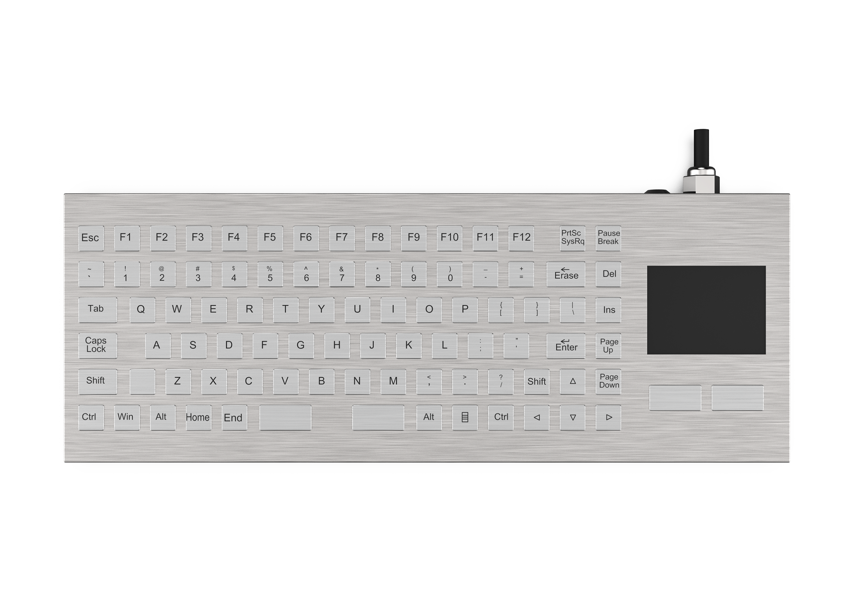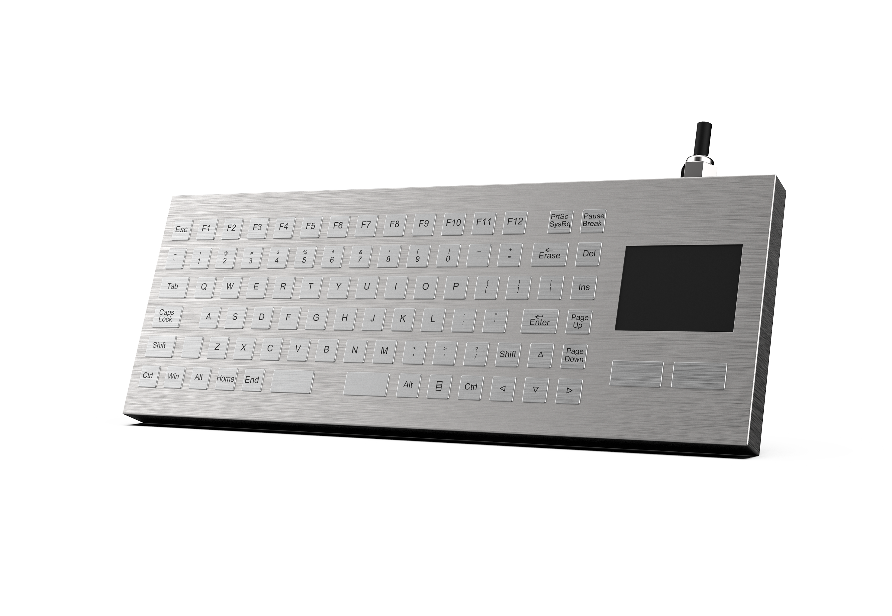 采用不銹鋼外殼,內部灌封工藝,滿足 IP67 防護標準, 包含90個鍵功能鍵盤和1個鼠標功能的觸摸板。
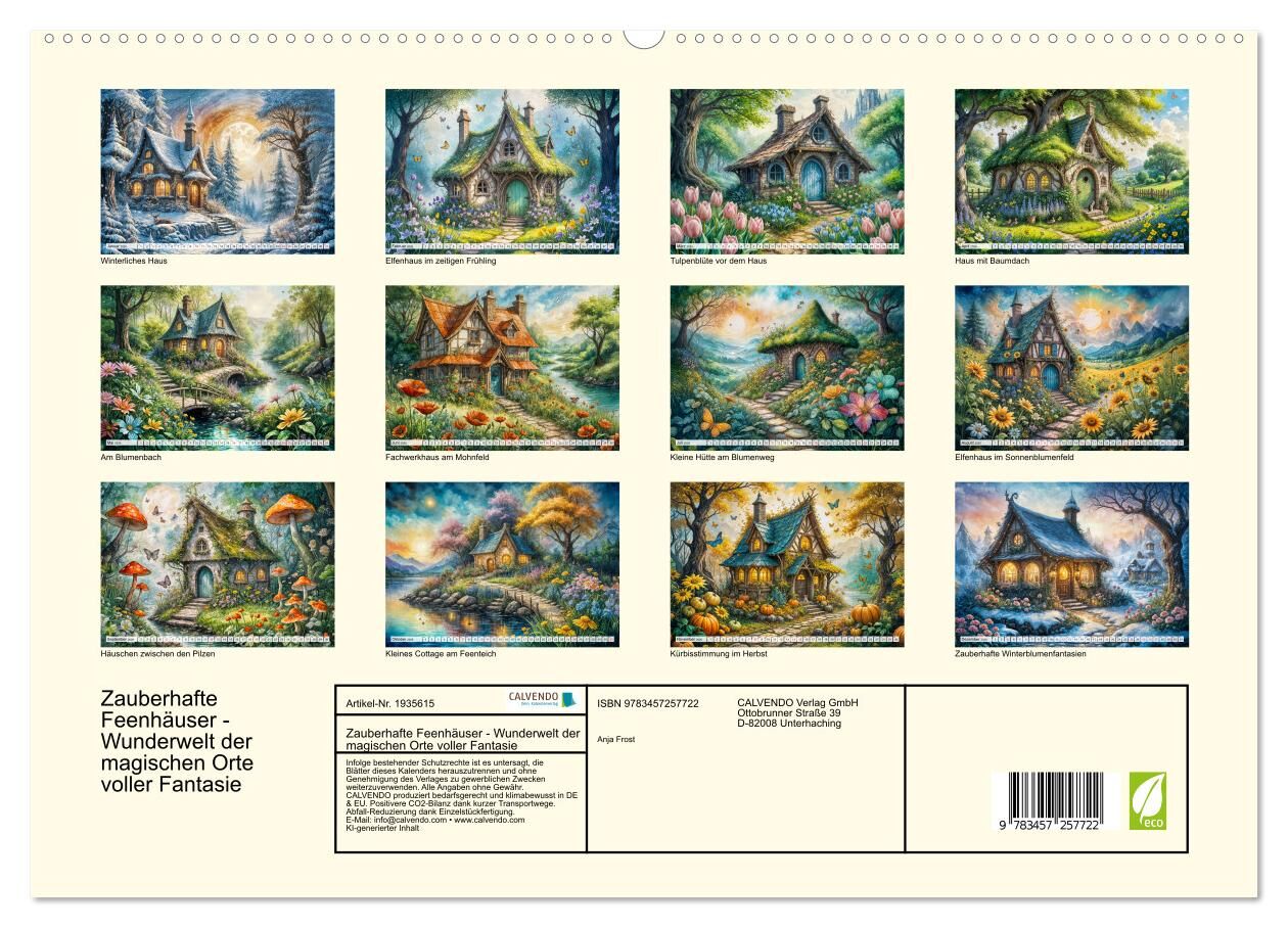 Der Kalender "Zauberhafte Feenhäuser - Wunderwelt der magischen Orte voller Fantasie" entführt Sie Monat für Monat in märchenhafte Landschaften voller Magie. Verwunschene Feenhäuser, blühende Gärten und leuchtende Farben erschaffen eine traumhafte Atmosphäre. ...
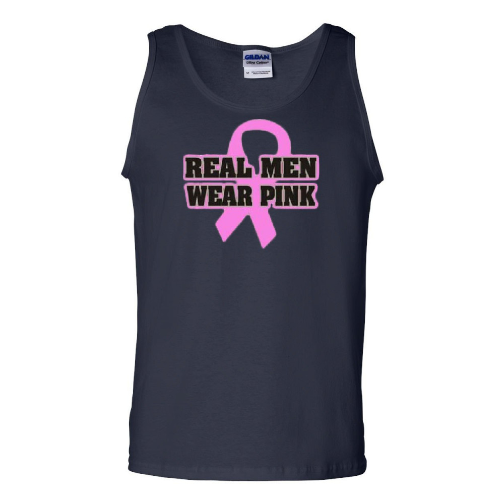 REAL MEN WEAR PINK tank top breast cancer awareness navy blue
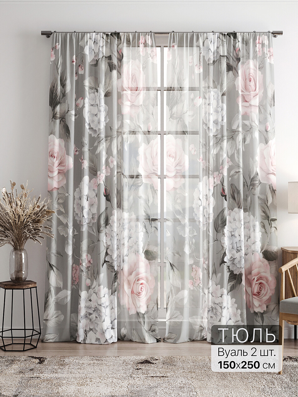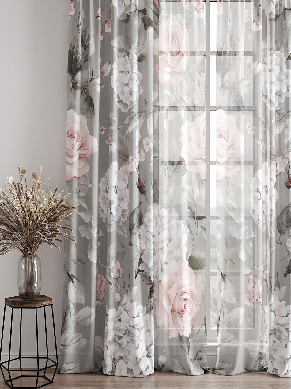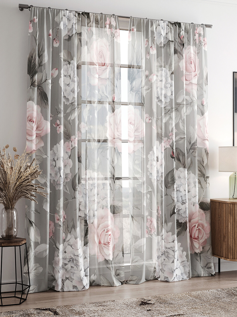 Шторы из тюля бежевого цвета с рисунком бабочки
**********
Work order:
Would you please output only the lines from the start of the material above up to and including the line with "traumhafte Atmosphäre. ...", exactly as they appear and without pictures?

Task output:
 采用不銹鋼外殼,內部灌封工藝,滿足 IP67 防護標準, 包含90個鍵功能鍵盤和1個鼠標功能的觸摸板。
 Der Kalender "Zauberhafte Feenhäuser - Wunderwelt der magischen Orte voller Fantasie" entführt Sie Monat für Monat in märchenhafte Landschaften voller Magie. Verwunschene Feenhäuser, blühende Gärten und leuchtende Farben erschaffen eine traumhafte Atmosphäre. ...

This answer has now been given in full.